- [Extracted records]
--------------------------------
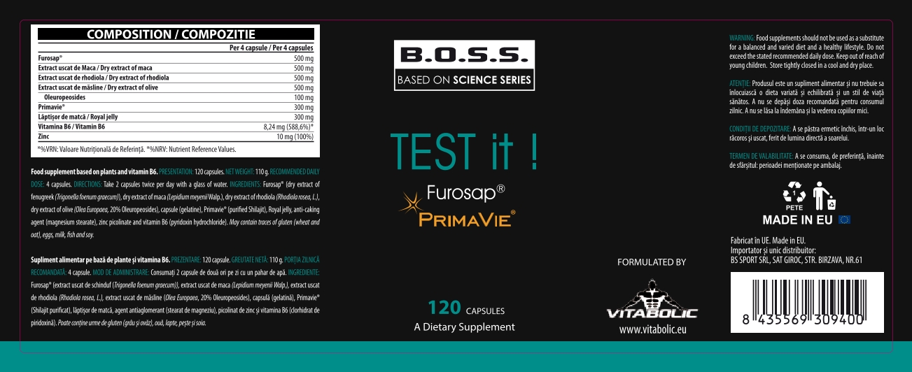 Furosap® 500 mg Primavie® 300 mg Extract uscat de Rhodiola 500 mg (10:1 concentrate) Extract uscat de măsline 500 mg Oleuropeosides 100 mg Zinc 10mg Extract uscat de Maca 500 mg (6:1 concentrate) Royal jelly 300 mg Vitamina B6 8,24 mg.
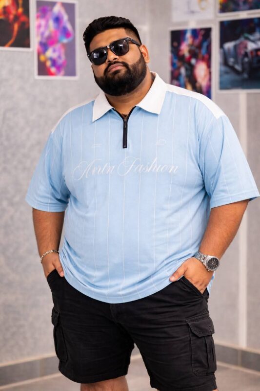 Oversize Polo Shirt Dropped Shoulder -SKY BLUE| OversizeBazar
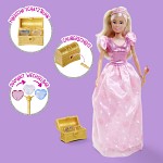 Ge dig ut på ett magiskt äventyr med Steffi Love som prinsessa. Hon bär en vacker prinsessklänning, har en gnistrande spira och en skattkista fylld med diamanter som gör leken extra spännande.
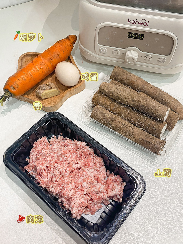 1、山药、胡萝卜、姜去皮洗净切碎粒
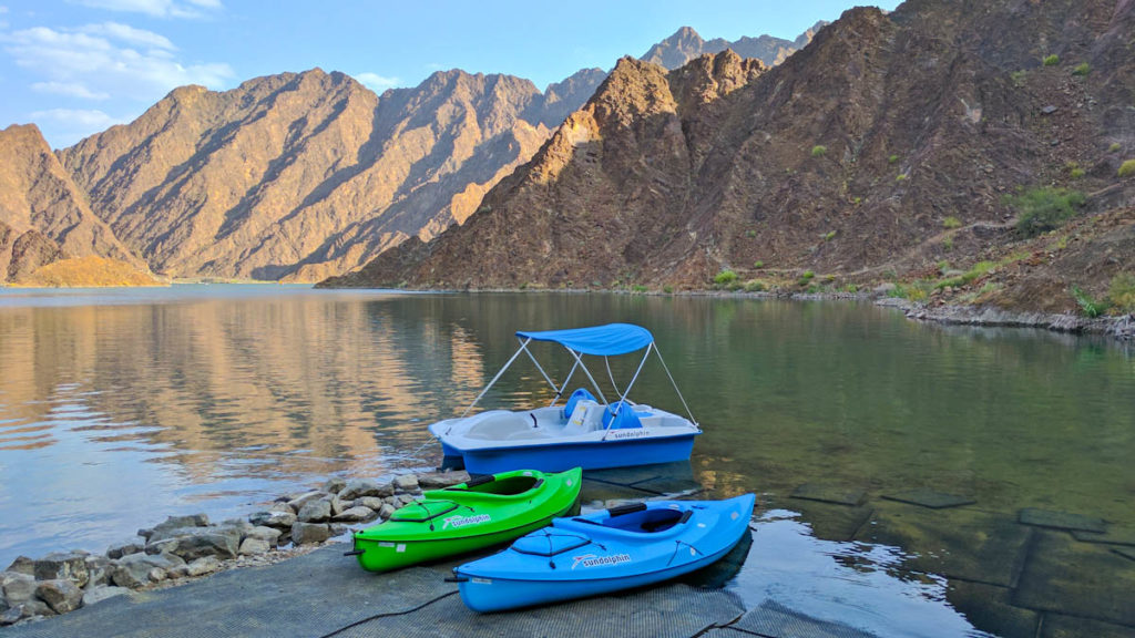 Nur wenige Autominuten entfernt können Gäste am Hatta Damm ein kleines Kayak Abenteuer erleben. Das Hatta Kayak bietet einen einmaligen Verleih von Kayaks und Tretbooten in einem malerischen Kulisse. Hier fragt man sich wirklich , ob das tatsächlich noch Dubai ist oder ob man schon in einer anderen Destination angekommen ist.
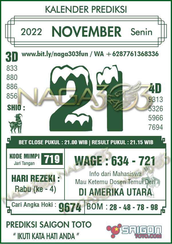 Prediksi Saigon Toto Senin 21 November 2022
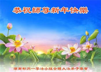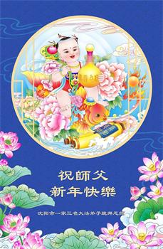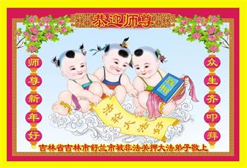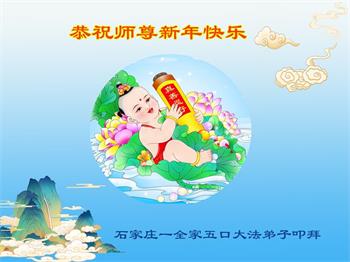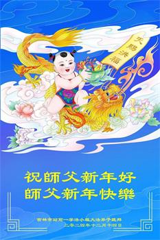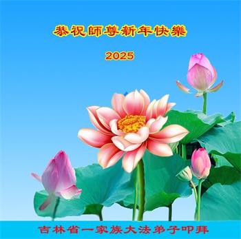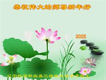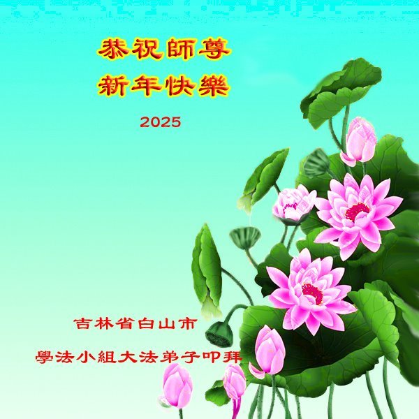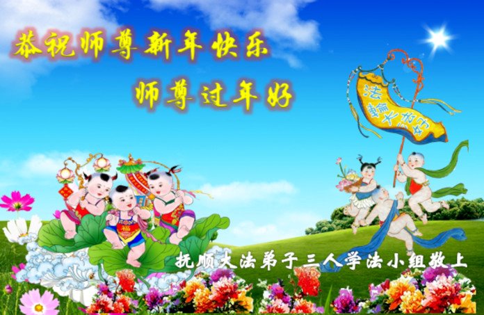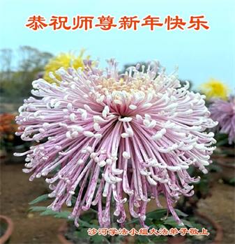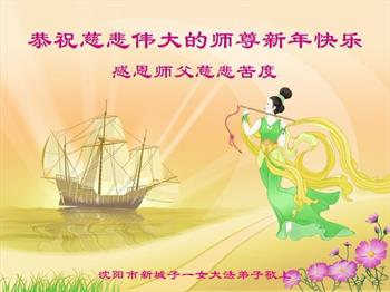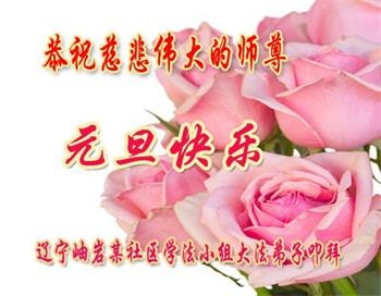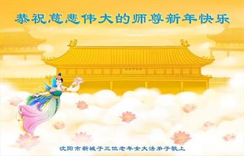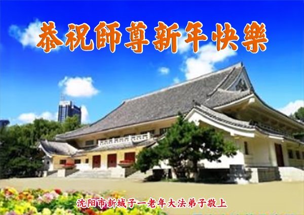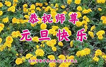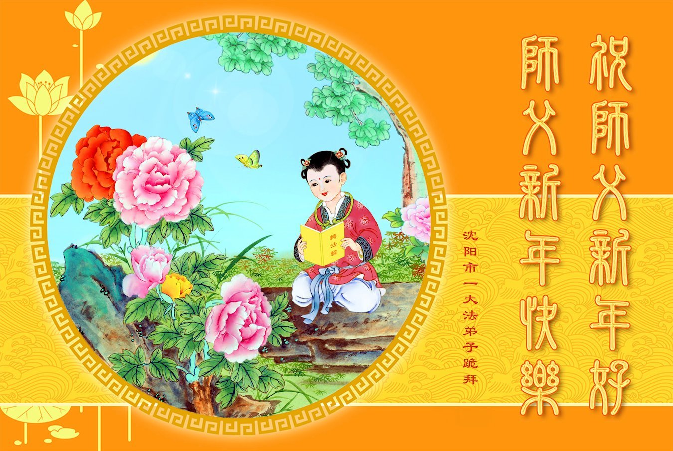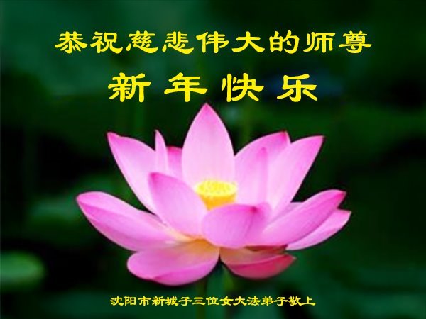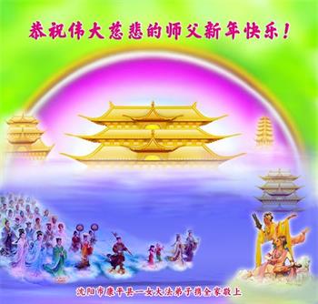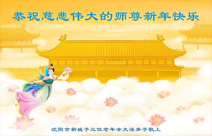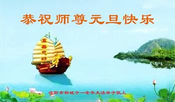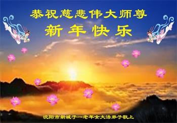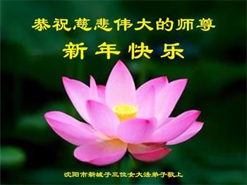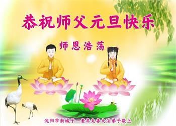 弟子们叩拜师尊,恭祝师尊新年快乐!我们是沈阳市四个学法小组十位大法弟子。我们中有八十多岁的老年大法弟子,也有十二岁的大法小弟子,有修炼二十多年的老大法弟子,也有刚刚走入修炼半年或两年的新学员。我们怀着无比敬仰和无比虔诚之心,给慈悲伟大的师父拜年,恭祝师尊新年好!感恩师尊慈悲苦度!感恩师尊为成就弟子所付出的一切!弟子谨记师尊教诲,学好法,修好自己,加强正念多救众生。共同提高,共同精進,兑现誓约,圆满随师还!
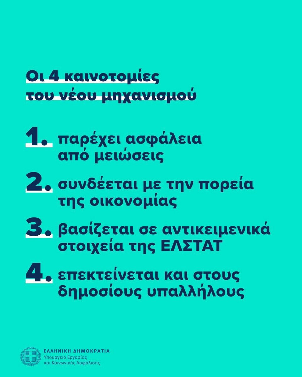 - Διαφάνεια και αξιοπιστία. Το ύψος του κατώτατου μισθού βασίζεται σε αντικειμενικά δεδομένα της ΕΛΣΤΑΤ, ενισχύοντας την εμπιστοσύνη στο σύστημα.
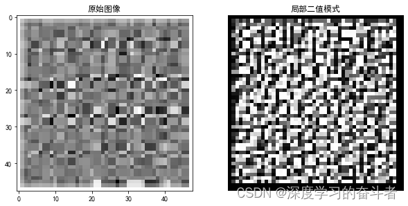 随意选取一张灰度图像的原始图像和经局部二值模式处理后的照片展示
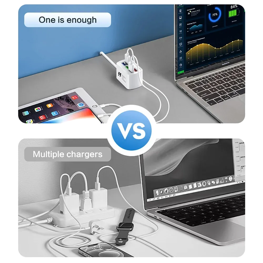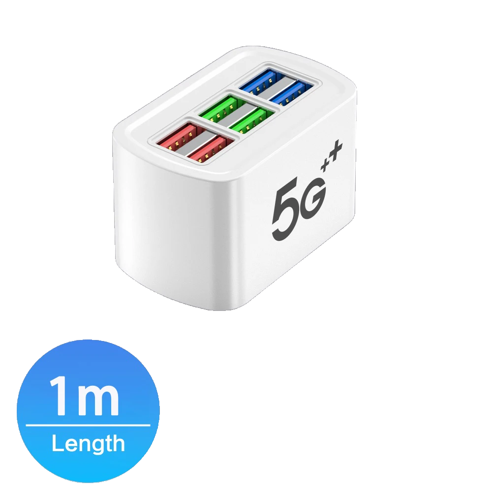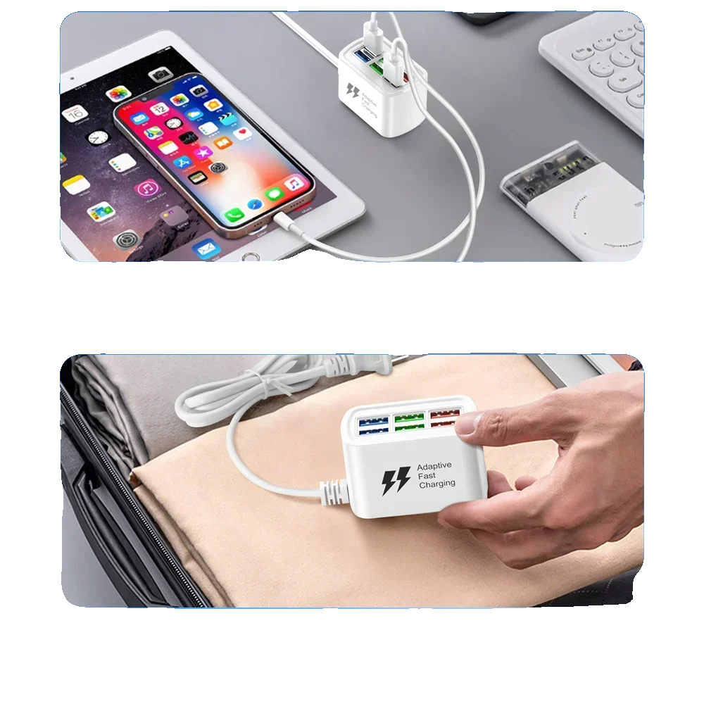 Carregador USB rápido 6 em 1 Power Strip Estação de carregamento de mesa Carregamento rápido 1m Cabo USB HUB Adaptador Tomada para iPhone 16 Home
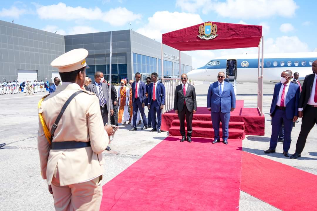 Madaxweynaha Jamhuuriyadda Federaalka Soomaaliya Mudane Xasan Sheekh Maxamuud ayaa ku soo dhaweeyey garoonka diyaaradaha Aadan Cadde ee magaalada Muqdisho, Madaxweynaha dalka aan walaalaha nahay ee Jabuuti Mudane Ismaaciil Cumar Geelle iyo wafdi uu hoggaaminayo oo maanta soo gaaray dalka.
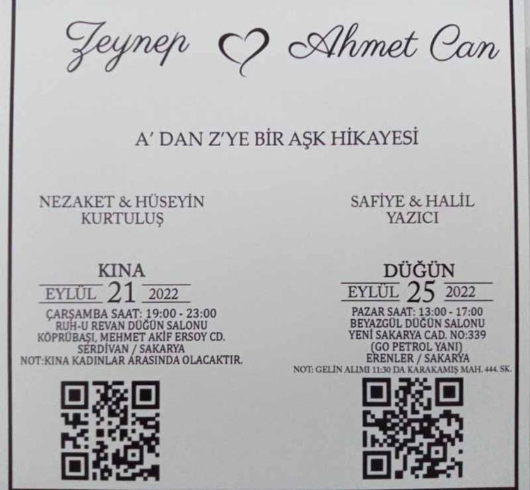 Adapazarı Karakamış Mahallesi'nde yaşayan Zeynep Kurtuluş ile Ahmet Can Yazıcı hayatlarını birleştirme kararı aldı. Zeynep ve Ahmet Can hazırlıklarını yaparak düğün davetiyelerinde 'A'dan Z'ye bir aşk hikayesi' ifadesini kullandılar.
--------------------------------
- [WHAT YOU NEED TO DO] Please return the data above exactly as it stands from the line with "Carregador USB rápido" to the line with "Madaxweynaha Jamhuuriyadda Federaalka", keeping both of those lines but none of the pictures.

- [RESULT FOR THIS TASK]
 Carregador USB rápido 6 em 1 Power Strip Estação de carregamento de mesa Carregamento rápido 1m Cabo USB HUB Adaptador Tomada para iPhone 16 Home
 Madaxweynaha Jamhuuriyadda Federaalka Soomaaliya Mudane Xasan Sheekh Maxamuud ayaa ku soo dhaweeyey garoonka diyaaradaha Aadan Cadde ee magaalada Muqdisho, Madaxweynaha dalka aan walaalaha nahay ee Jabuuti Mudane Ismaaciil Cumar Geelle iyo wafdi uu hoggaaminayo oo maanta soo gaaray dalka.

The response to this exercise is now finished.